A state trooper measures the length of the path the upended trailer’s wheels made in the roadside grass. Photos by Chris Braithwaite

copyright the Chronicle July 25, 2012

by Chris Braithwaite

The bottom section of a massive wind turbine bound for Green Mountain Power’s Lowell Mountain project tipped over Thursday, July 19, when it encountered a paving crew on Interstate 91.

The interstate was closed to southbound traffic for about three hours Friday morning while a crane retrieved the long white tube from the ditch and put it on a truck.  The load made it to the job site on Route 100 south of Lowell Village just before noon on Friday, according to Phil Brooks, chief deputy of the Orleans County Sheriff’s Department.

The highly specialized tractor-trailer, owned by Lone Star Transportation, was in the passing lane, just north of the Orleans exit, when a left rear tire left the pavement and hit soft ground.  Tire marks in the roadside grass indicate that what followed must have been an agonizingly slow catastrophe.  The marks moved ever further from the pavement, ever lower down a gentle slope for 500 feet until they came to the trailer, its rear wheels overturned in the ditch.  The tractor remained upright.

Speed was not a factor, State Trooper Rajesh Hailey said in his press release, and the driver, Jimmy Maddox of Gainesville, Texas, was not hurt.

Deputy Brooks said a crane was immediately dispatched from Desrochers Crane Service in Derby.  It was unable to lift the tower section, but did assist a larger crane that arrived early Friday from Massachusetts, Mr. Brooks said.  The interstate was closed at about 8 a.m. to allow space for the big crane to set up.  Once that was done, Mr. Brooks said, it took only half an hour to recover the tower section.  The highway was reopened at about 11 a.m.

A section of a wind turbine destined for Lowell Mountain rests in the ditch beside Interstate 91, just north of the Orleans exit.

Under the terms of its permit and state law governing overweight loads, Mr. Brooks said, Green Mountain Power’s contractor can use the highways from half an hour before sunrise to half an hour after sunset.  However, loads must lay over in a “safe haven” between 7 and 8 a.m., noon and 1 p.m., and 4 to 5 p.m., Mr. Brooks said.  Thursday’s load had just pulled out of the Coventry rest area when the accident occurred a few miles south, at 5:16 p.m.
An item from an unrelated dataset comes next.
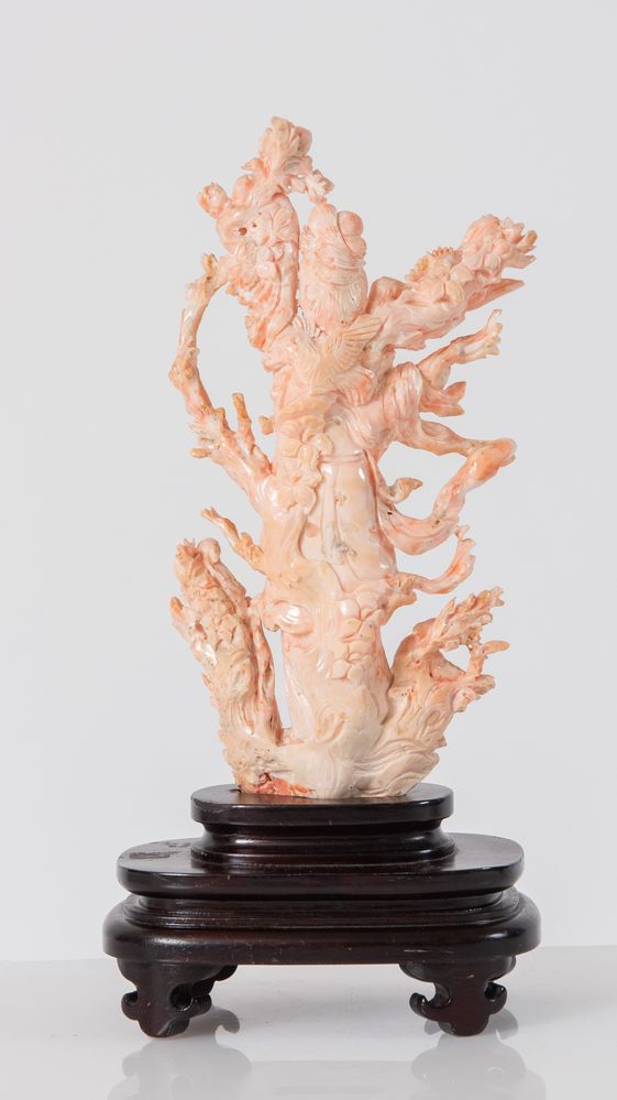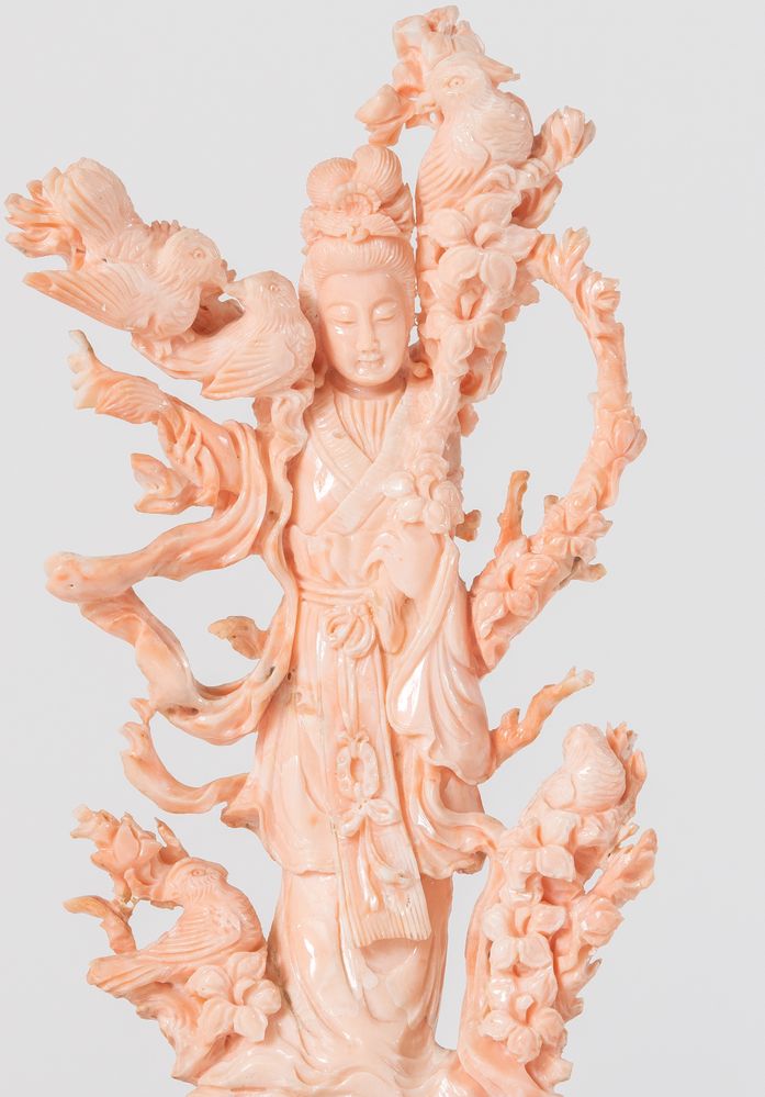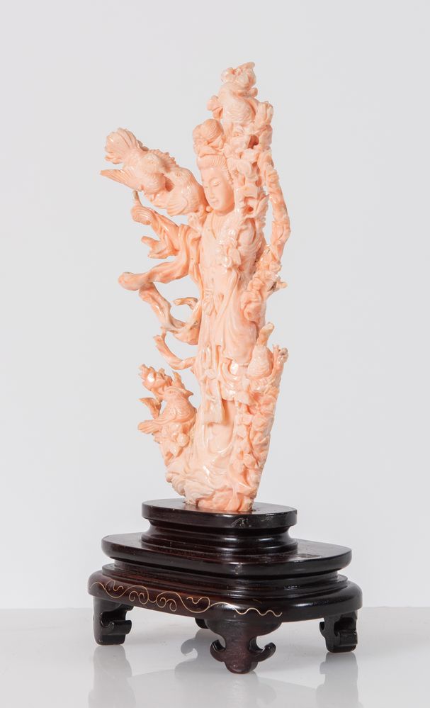 Grande scultura in corallo Bokè o Pelle d'Angelo (Corallium Secundum) raffigurante una Geisha tra fiori e volatili. Corallo di mm 270x125. Peso della statuetta 668g.

Opponents of Green Mountain Power’s project, who held up a truck for about two hours on July 16, may continue to try and block the loads.  The Mountain Occupiers, a group that has spearheaded several acts of civil disobedience in opposition to the project, scheduled a “civil disobedience training” in Craftsbury on Tuesday evening, July 24.

In an e-mail announcing the training, the group said:  “As our powerful actions blocking the turbine trucks in Lowell showed, our cause can draw crowds, media, support, and even negotiate with the law.  We don’t have to be bystanders to the destruction of our state.  The time for action is now!”

Two protesters were arrested on July 24 after they stepped in front of a truck just before it turned into the Lowell site.  They were cited for disorderly conduct, but released from custody after negotiations with police in which protesters agreed to clear the highway.